Türkiye ‘de yemek firması sayısı 5000’lerin üzerinde her yıl birçoğu kapanıp yenileri açılmaya devam ediyor. Bu dönemi atlattığımızda da ne yazık ki firmaların birçoğu hizmete son vermiş olacak ki şimdiden kapatılanlar da mevcut. Sektöre adım atarken nakit güce sahip olmak önemli benim şahsi fikrim borçlanmadan firmayı açabiliyorsak öz sermayemiz varsa bu işe girmeliyiz. Firmaları açarken nakit gücümüze bakmadan neredeyse tamamen borçlanarak firmaları açıyor, girdilerle bu borçlanmaları kapatarak bir şekilde sektörde yer almaya çalışıyor, aradan sıyrılabilen bazılarımız sektöre tutunabiliyor bazılarımız da direnemeden vazgeçiyorduk. Son yıllarda süregelen ekonomik dalgalanmalarda da tutunabilmek bu durumda zorlaşıyordu. Tam da bu şekilde hizmet vermeye çalışanlar için bu süreç daha zorlu olacak. Arkasında nakit gücü olanlar için belki biraz daha rahat geçecek ama sonuç değişmeyecek. Hazırı tüketmek de bir şekilde geriletecek bizi fakat diğerlerinden farklı olarak tutunmayı başarabileceğiz. Mevcut durumda müşteri sayılarımız %50 ile 80 arasında değişen oranlarda azaldı. Lokanta mantığıyla kendi yerinde hizmet sunanlar ise tamamen kapatmak durumunda da kaldı. Personelin çoğunu izne çıkarmak zorunda kaldık. Tedarik ettiğimiz gıda hammaddelerin bir kısmını belki iade edebildik ama bir kısmı da zayi olarak elimizde kaldı. Zaten eksi hanede olanlar için ekonomik durum işin içinden çıkılmaz bir hale girerken, mali gücü olanlar için de hazırdan yenen bir döneme girilmiş oldu. Yavaş yavaş normalleşmeye başladığımızda da yaraları birden sarmak kolay olmayacak. Bugün değil belki ama birkaç ay sonra personellerin bir kısmının işine son vermek zorunda kalacağız.
38
Gelecek planlamalarını yaparken ekonomik yönü kadar psikolojik yönleriyle de durumu değerlendirerek hareket etmemizde fayda olacağını düşünüyorum. Çünkü hizmet verirken artık insan psikolojisini de yönetiyor olmamız gerekecek. İnsanların hassasiyet düzeyleri değişecek.
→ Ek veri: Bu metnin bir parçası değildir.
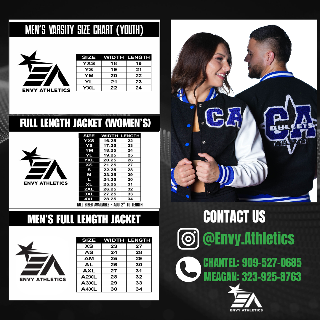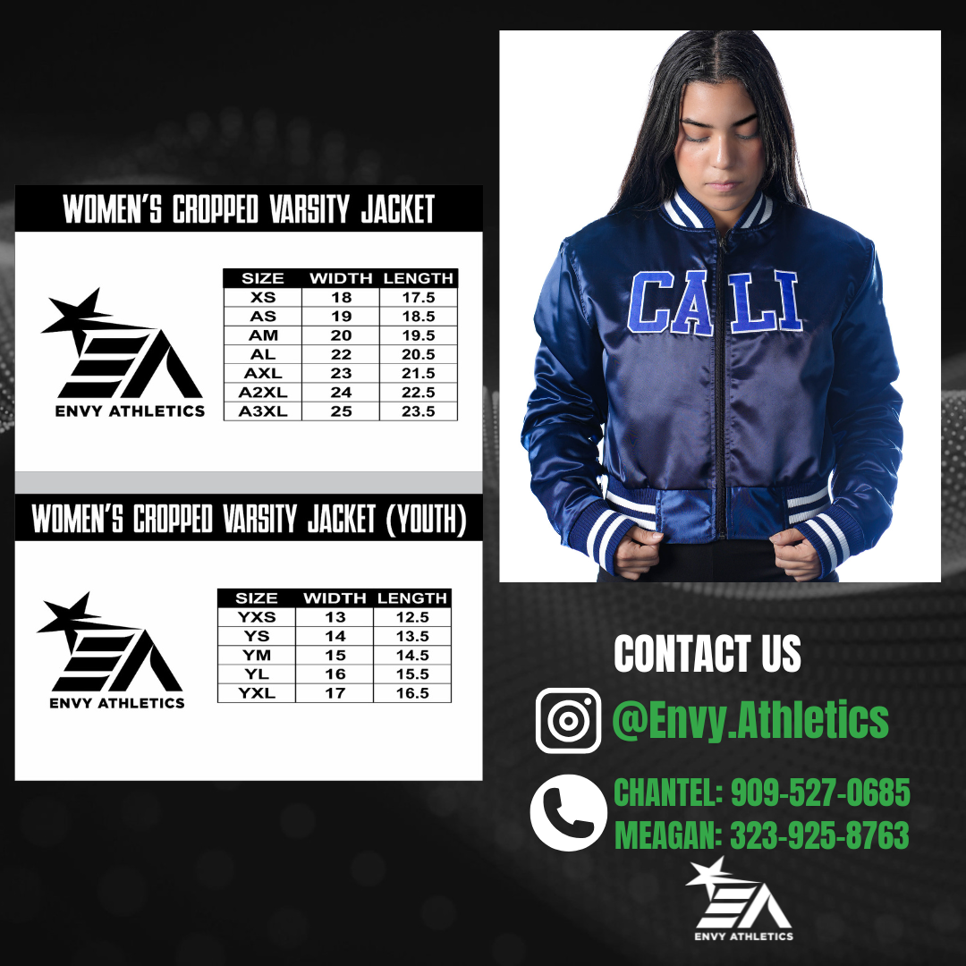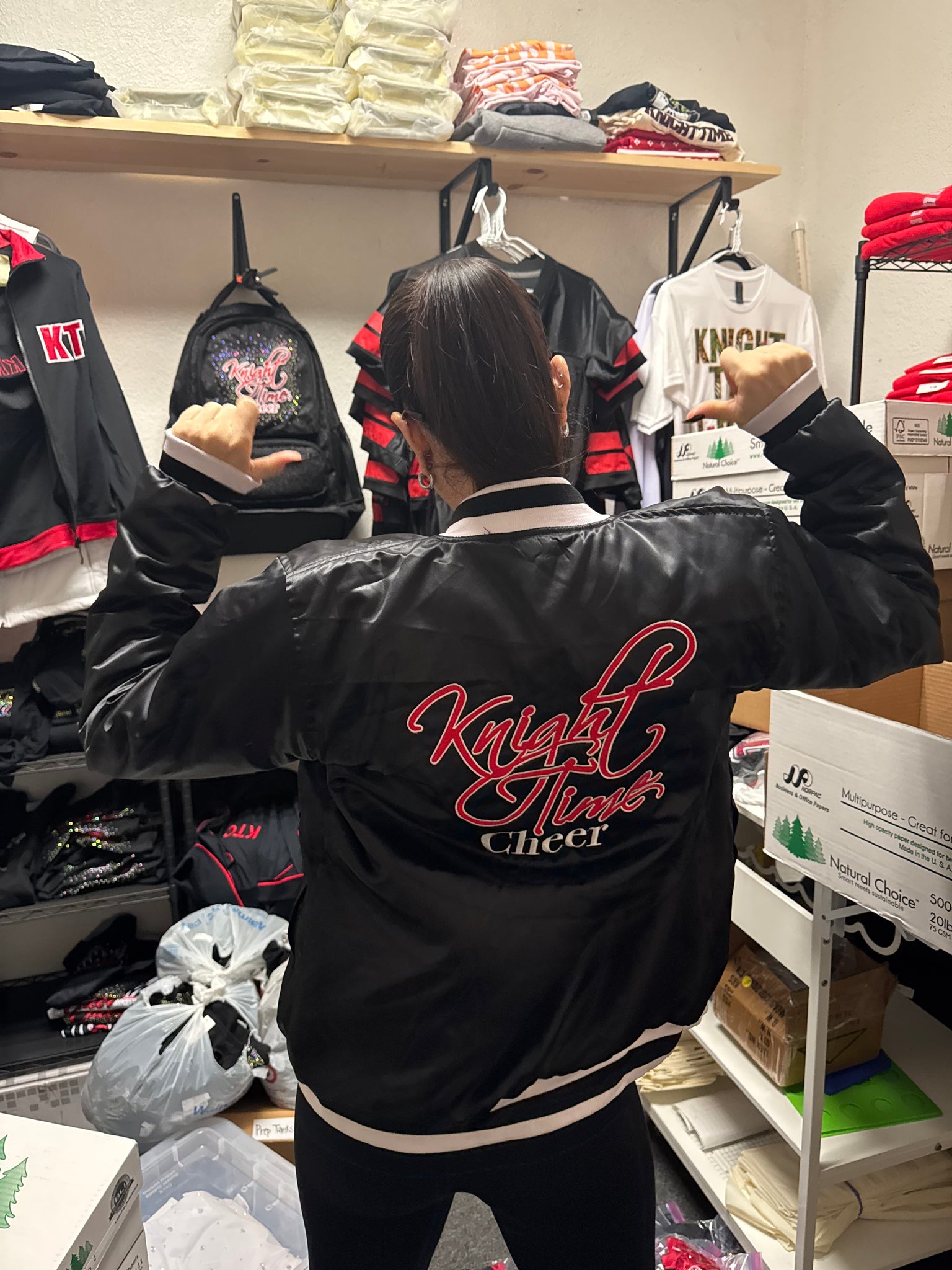 Bomber jacket with black satin throughout and tackle twill design in front and back. Rhinestones are featured in the back. This is for ANYONE, not just athletes.
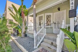 Welcome to 542 Magnolia Ave, a charming residence nestled in the heart of Long Beach, CA. This beautifully updated home boasts a welcoming exterior with lush greenery and a quaint front porch, perfect for enjoying the vibrant neighborhood. The interior is a blend of modern amenities and classic charm, featuring an open-concept living space with sleek hardwood floors and ample natural light. The kitchen is a standout, equipped with contemporary black cabinetry, marble countertops, and a striking red refrigerator that adds a pop of color and style.
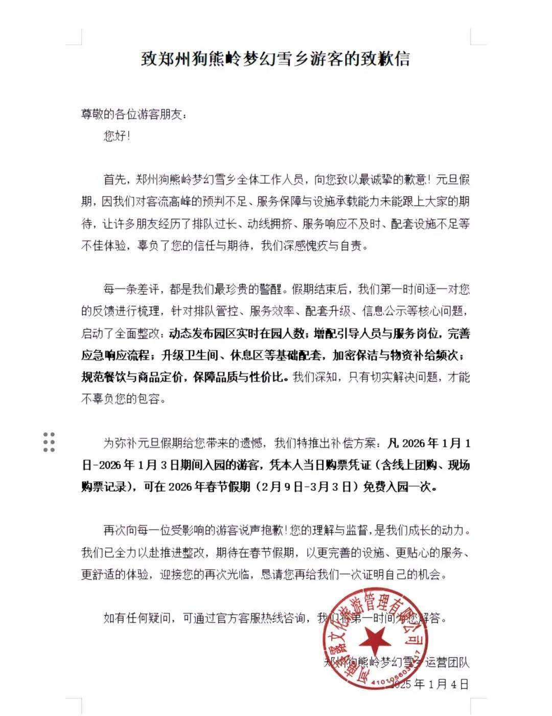 1月5日下午,“郑州狗熊岭梦幻雪乡”官方号发布致歉信,承认在“排队管控、服务效率、配套升级、信息公示”等方面存在问题,并表示已启动全面整改,包括动态发布实时人数、增配服务人员、升级配套设施、规范商品定价等。
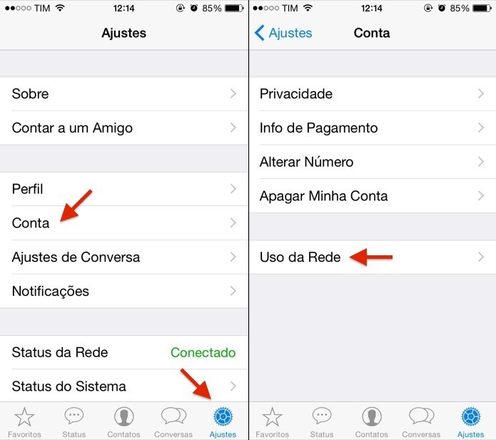 Passo 1. No aplicativo do WhastApp toque sobre “Ajustes”, no canto inferior direito da tela. Nas configurações do aplicativo, toque em “Conta” e, em seguida, em “Uso da Rede”;
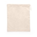 Bolsa multiusos ideal para la compra, de línea eco 100% algodón 120 g/m². Color natural. Un lado de la bolsa en algodón suave y otro lado en ligera rejilla. Cierre de cordón y ajustador de plástico transparente.
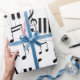 Papier d'emballage à thème musical - design comprend clavier piano, notes de musique, clés de treble, clés de basse et repose-pieds. Idéal pour les professeurs de musique et les chanteurs ou les joueurs de piano.
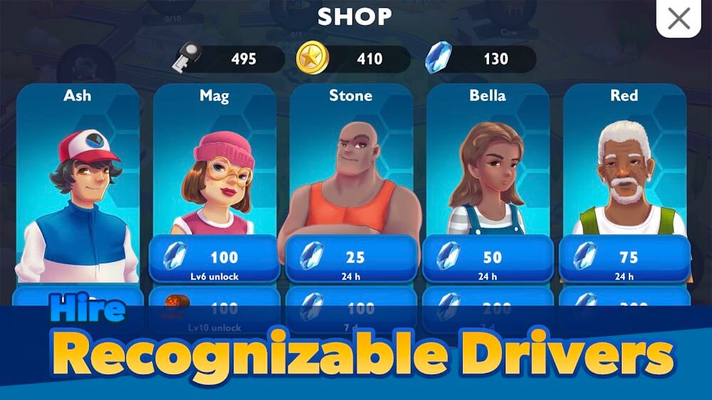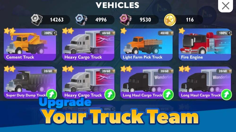 首先,驾驶你的卡车将货物运送到城市中的特定建筑物。游戏提供了多种卡车供你选择,包括水泥搅拌车、皮卡、欧式自卸车、重型货车、轻型农用货车、消防车、超重型自卸车、长途货车等等。游戏操作简单易上手,只需点击屏幕即可取货和送货。你还需要雇佣司机、管理他们的工资,并处理其他业务,例如保险和税务。务必雇佣像Ash、Mag、Stone、Bella、Red、Alice、Bob、Vicky等这样技能娴熟、知名度高的司机。建造并升级你的知名连锁商店“沃尔玛超市”,通过这家商店你可以赚取更多收入,因为这是目前流行的营销方式。
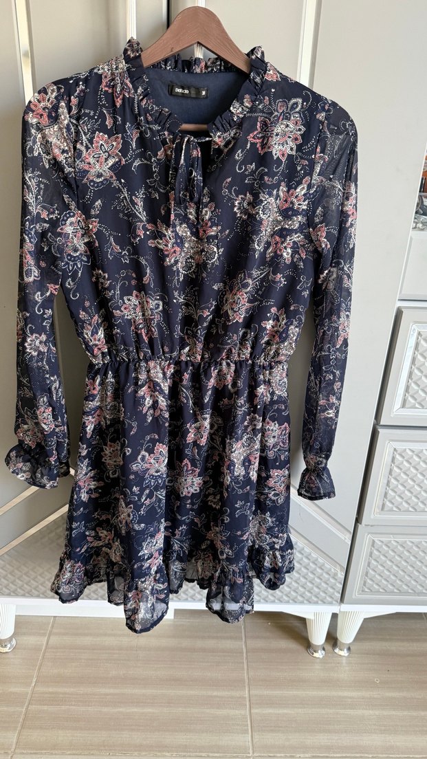 Uzun kollu, volan detaylı, koyu lacivert batik desenli bol kesim midi elbise. Yüksek yakalı ve sentetik kumaştan, günlük kullanım için uygun.
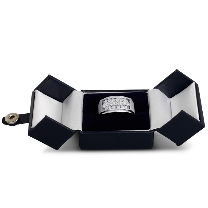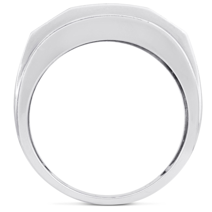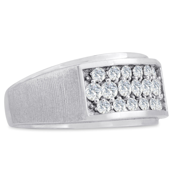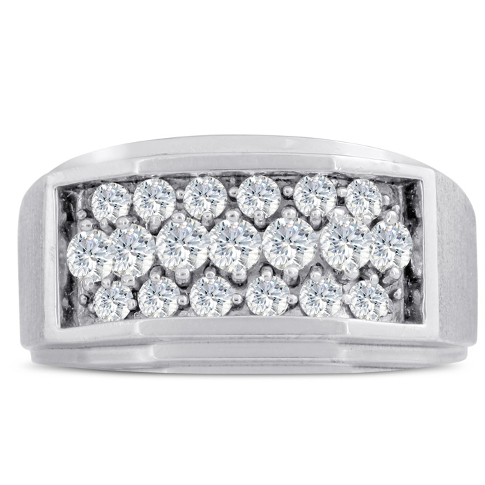 Men's diamond ring, great for a wedding band and everyday wear. This ring features 19 diamonds at 0.95ct total diamond weight. Diamond color is J-K and diamond clarity is I2. Ring is 11.73mm wide. This ring is crafted in solid 10 karat white gold and is available in ring sizes 7-13.5
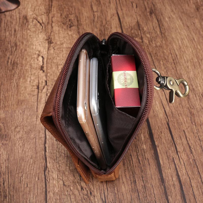 Design: Small Mens Leather CELL PHONE HOLSTER Belt Bag Belt Pouch Waist Bag For MenOverview:
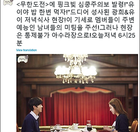 무한도전 광희 썸네일형 리스트형 무한도전 광희, 이미지 개선 절실히 필요하다 무한도전 광희 식스맨 합류는 개인적으로 좋게 판단했습니다. 광희 긍정적으로 바라봤던 이유에 대해서는 그동안 다수의 예능 프로그램에 출연했던 경험, 무한도전 고정멤버가 되고 싶어했던 뚜렷한 의지, 노홍철 공백 메울 수 있다는 기대감이 작용했습니다. 식스맨 프로젝트 시절에는 그렇게 생각했었어요. 그렇다고 '광희가 식스맨이 꼭 되어야 한다'는 뜻은 아니었습니다. 저는 유병재가 광희보다 더 적합했다고 봅니다. 하지만 유병재는 식스맨 최종 후보에 이름을 올리지 못했죠. 이렇다보니 무한도전 광희 고정멤버 투입을 차선책으로 여겼습니다. 그런데 지금까지 광희 무한도전 활약상을 보면 생각보다 매끄럽지 못하네요. [사진 = 무한도전 광희 고정 멤버로 합류할 때의 모습(오른쪽에서 두 번째) (C) 무한도전 공식 트위터(tw.. 더보기 무한도전 광희 유이 로맨스가 필요해 불편한 까닭 마치 무한도전판 우결 보는 것 같았습니다. 6월 27일 MBC 예능 프로그램 무한도전 광희 유이 로맨스가 필요해 시청하면서 '내가 우결 보는 건 아니겠지?'라는 생각이 들었습니다. 우결 끝난 뒤에 무한도전 광희 유이 레스토랑에서 1:1 대화를 나누면서 식사를 하는 방영분이 나왔으니까요. 마치 광희 유이 우결 시청하는 것 같았습니다. 두 사람이 함께 지내는 모습이 재미 없지는 않았습니다. 하지만 '무한도전에서 다루어야 할 콘텐츠인가?'에 대해서는 의구심이 쌓였습니다. [사진 = 무한도전 광희 유이 '로맨스가 필요해' 예고했던 무한도전 공식 트위터 (C) twitter.com/realmudo] 결과적인 관점에서 무한도전 광희 유이 저녁식사 방영분을 비롯하여 6월 27일 프로그램 주제였던 '로맨스가 필요해'는.. 더보기 무한도전 광희 식스맨 확정, 오히려 잘된 이유 무한도전 광희 식스맨 확정 방송 보면서 느꼈던 것은 '최종 후보 4인 중에서 될 사람이 됐다'고 봤습니다. 홍진경, 강균성, 최시원 식스맨 부적합한 것은 많은 사람이 공감하기 때문에 그 부분은 충분히 설명하지 않아도 될 것 같습니다. 그나마 강균성이 괜찮아 보였는데 4월 18일 무한도전 식스맨 방송분 보면서 '강균성이 떨어진다'는 뉘앙스가 드러나더군요.(김숙 멘트, 현수막 떨어진 것이 암시) 그때부터 무한도전 광희 식스맨 확정 예견된 것 같아요. 광희 무한도전 식스맨 멤버가 된 것에 대하여 사람마다 생각이 다를 겁니다. 개인적으로는 광희 군대 미필자라서 식스맨 안될 것 같다는 생각이 들었는데 유병재 탈락 및 장동민 하차라는 변수가 나타나면서 광희가 현실적인 정답이 됐습니다. 무한도전 광희 식스맨 확정은 .. 더보기 이전 1 다음
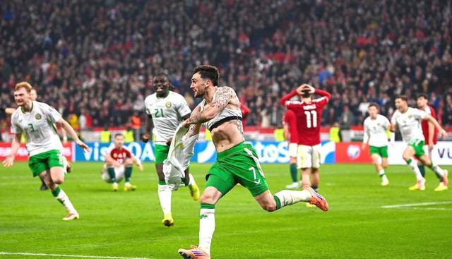 客场挑战匈牙利队,爱尔兰队两度落后,帕罗特先是在第15分钟点球破门扳平,第80分钟挑射得分再次追平。
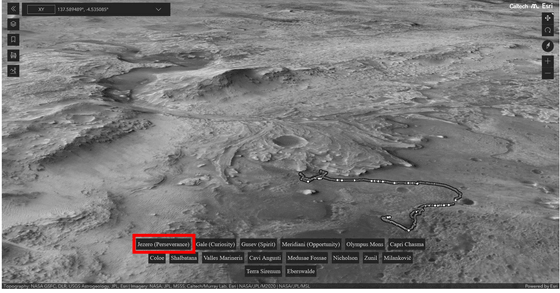 예를 들어, Jezero(Perseverance)를 클릭하면 2020년에 발사된 화성 탐사기 퍼서비어런스가 착지한 Jezero 분화구가 표시됩니다. 분화구에는 퍼서비어런스의 이동 경로도 표시되었습니다.
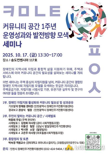 세미나 참여를 원하는 이들은 인천시장애인주거전환지원센터로 전화 문의하거나 포스터 내 큐알 코드를 이용해 신청하면 된다.
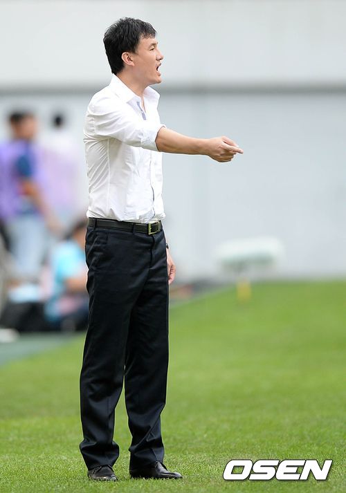 전반 중국 하오 웨이 감독이 선수들에게 작전을 지시하고 있다.
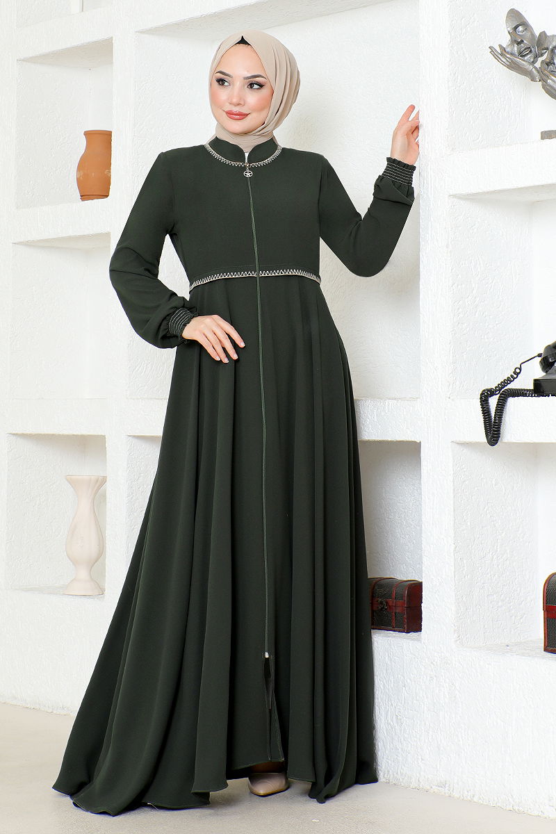 Fabric Feature : It is made of first class crepe fabric. It can be used in four seasons.Product Feature : It is a new season hijab fashion product. The product is bicycle collar. It is unlined. The product has a front zipper. There may be a tonal difference in the product due to concept photo shoots.
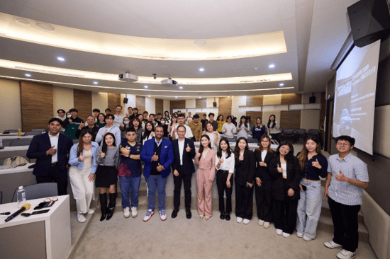 Ansari以一句「我們活在多樣性中」作為演講開場,帶領學生進入他的跨文化成長背景。他出生於德國的印度裔家庭,從小在多元文化交織的環境中生活,並在德國、法國及瑞典完成學業,培養深厚的全球化視野。此外,他提到自己精通德語、英語、法語、印地語及西班牙語,這些語言能力成為跨文化溝通的重要工具。他表示:「我一直都知道自己會從事連結人與文化的相關工作。」這些經歷成為他職業生涯的堅實基石。接著Ansari回顧職業生涯,談及自己在學生時期積極參與實習與社區服務,累積豐富的實務經驗。他特別分享一個參與講座時的故事,當時他抓住機會與講者建立聯繫,進而獲得一份實習工作,最終完成在美國的碩士論文。他強調:「儘管一開始沒有汽車產業的相關背景,但擁有學習熱忱與正確的心態,是克服挑戰的關鍵。」在與學生的互動中,Ansari提出一個發人深省的問題:「如果有機會去國外工作,你會願意嘗試嗎?」這個問題立刻激起學生的熱烈討論。他隨後分享自己從德國前往印度的工作經歷,並表示:「對我而言,答案是肯定的。這樣的選擇可能改變你的人生,帶來未知的可能。」他鼓勵學生勇於接受挑戰,積極探索未來更多可能性。此外,Ansari還談到多樣性在企業管理中的重要性。他以Volkswagen Taiwan為例,指出公司40%的員工為女性,充分展現多元背景及性別平權的實踐。他鼓勵學生保持探索精神,並表示:「質疑自己的選擇是成長的一部分。如果答案不明確,可以退一步嘗試新的可能性,並再以全新視角回過頭來審視。」他進一步提醒學生,選擇導師時要尋找能提供真誠建議的人。活動尾聲,Ansari邀請全場學生一起自拍留念,場面氣氛溫馨愉快。隨後林士淵與政大校園霍特獎委員會成員共同上台,感謝Ansari的精彩分享,並頒發感謝狀以表彰他對學生的啟發與貢獻。本次精彩活動在熱烈的大合照中圓滿落幕,相信已為學生帶來深刻啟示與對未來職涯的全新思考。
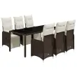 S to udobno bistro garnituro lahko z družino in prijatelji uživate v kavi ali klepetu na vrtu, dvorišču ali balkonu. Vzdržljiv material: PE ratan, znan tudi kot poli ratan, je močan sintetični material, ki zahteva malo vzdrževanja in je videti kot naravni ratan. Je lahek, enostaven za čiščenje in se zaradi svoje vzdržljivosti in odpornosti na vremenske vplive pogosto uporablja za zunanje pohištvo.Nastavljivo naslonjalo za hrbet in noge: Ta vrtni sedež ima ročaj. Naslonjalo za hrbet in naslonjalo za noge lahko s potegom ročaja nastavite v poljuben položaj in ju hitro vrnete v prvotni položaj.Udobno sedenje: To zunanje pohištvo z debelo oblazinjenimi blazinami zagotavlja udobno sedenje.Prevleko je mogoče odstraniti in oprati: Te sedežne blazine imajo odstranljive prevleke za lažje pranje in vzdrževanje. Hrbtne blazine imajo na zadnji strani zavihek za enostavno pritrditev na naslonjala.Steklena mizna plošča: Površina zunanje mize je izdelana iz močnega in trpežnega kaljenega stekla, kar omogoča enostavno čiščenje z vlažno krpo in vašemu zunanjemu prostoru doda pridih elegance. Dobro je vedeti:Če želite, da vaše zunanje pohištvo ostane lepo, vam priporočamo, da ga zaščitite z vodoodporno prevleko.UV-odpornoPotrebno sestavljanje: DaNastavljiv vrtni stol z oporo za noge:Barva: RjavaMaterial: PE ratan, jeklen okvir s prašnim premazomDimenzije v sedečem položaju: 54,5 x 58,5 x 92 cm (Š x G x V)Dimenzije v ležečem položaju: 54,5 x 111,5 x 83 cm (Š x G x V)Velikost sedeža: 47 x 48 cm (Š x G)Višina sedeža, merjena od tal: 43,5 cmVišina naslonjala za roke od tal: 65 cmMaksimalna nosilnost (na sedež): 110 kgMiza:Barva: RjavaMaterial: PE ratan, jeklo s prašnim premazom, kaljeno stekloDimenzije: 190 x 90 x 75 cm (D x Š x V)Blazina:Barva: Kremno belaMaterial prevleke: Tkanina (100 % poliester)Polnilo sedežne blazine: PenaPolnilo hrbtne blazine: bombažna vlaknaDimenzije sedežne blazine: 45/49 x 93 x 3 cm (Š x G x D)Dimenzije hrbtne blazine: 70 x 48 x 10 cm (D x Š x D) Paket vsebuje:6 x Nastavljiv vrtni stol z oporo za noge6 x Sedežna blazina s snemljivo pralno prevleko6 x Blazina za hrbet1 x Vrtna miza 3277191

Ve tabi ki yeni dönemde satın alma, finans birimlerinin işi hiçte kolay olacak gibi görünmüyor. Ama ben bugün kendi mesleki alanıma değinmek istiyorum Hijyen konusunda beklenti ne olacak? Hijyen neydi? Gözle gördüğümüz ve göremediğimiz tüm kirlerin ortamdan uzaklaştırılması .( Temizlik + dezenfeksiyon = Sanitasyonun tam anlamıyla sağlanması ) Yıllardır bildiğimiz bir konu. Önem verdiğimizi söylediğimiz hassasiyetle yaklaştığımızı dile getirdiğimiz bu konuda başka bir döneme geçiyoruz. İnsan psikolojisi bu süreçte en fazla hijyen konusunda farkındalığını arttırmış olacak. Ve bu konuya daha hassas bakıyor olacak. Bizler de öyle yaklaşmalıyız. Son günlerde ülke gündemine oturan konuların başında ise el hijyeni geliyor. Eller nasıl yıkanmalı? Aslında biliyorduk, iş yerlerimizde, WC lerde, AVM lerde vb… birçok alanda el yıkama talimatları karşımıza çıkıyor ama görmüyorduk. Bizim tarafımızdan bakarsak personelimiz sürekli eğitimleri alıyor, kendilerine anlatılıyordu fakat uygulamada sorun yaşıyorduk. Kısaca gördük ki el yıkamayı bile bilmiyormuşuz. Yeniden öğreniyoruz ve bu bence acı bir konu. Şimdi birlikte genel işleyişimize bakalım neler değişecek, neler yapacağız? ÜRETİM ALANLARINDA Çalışma düzenleri, yerleşimleri gözden geçirilecek. Bu durum biraz üretimde yavaşlamaya sebep olabilecek.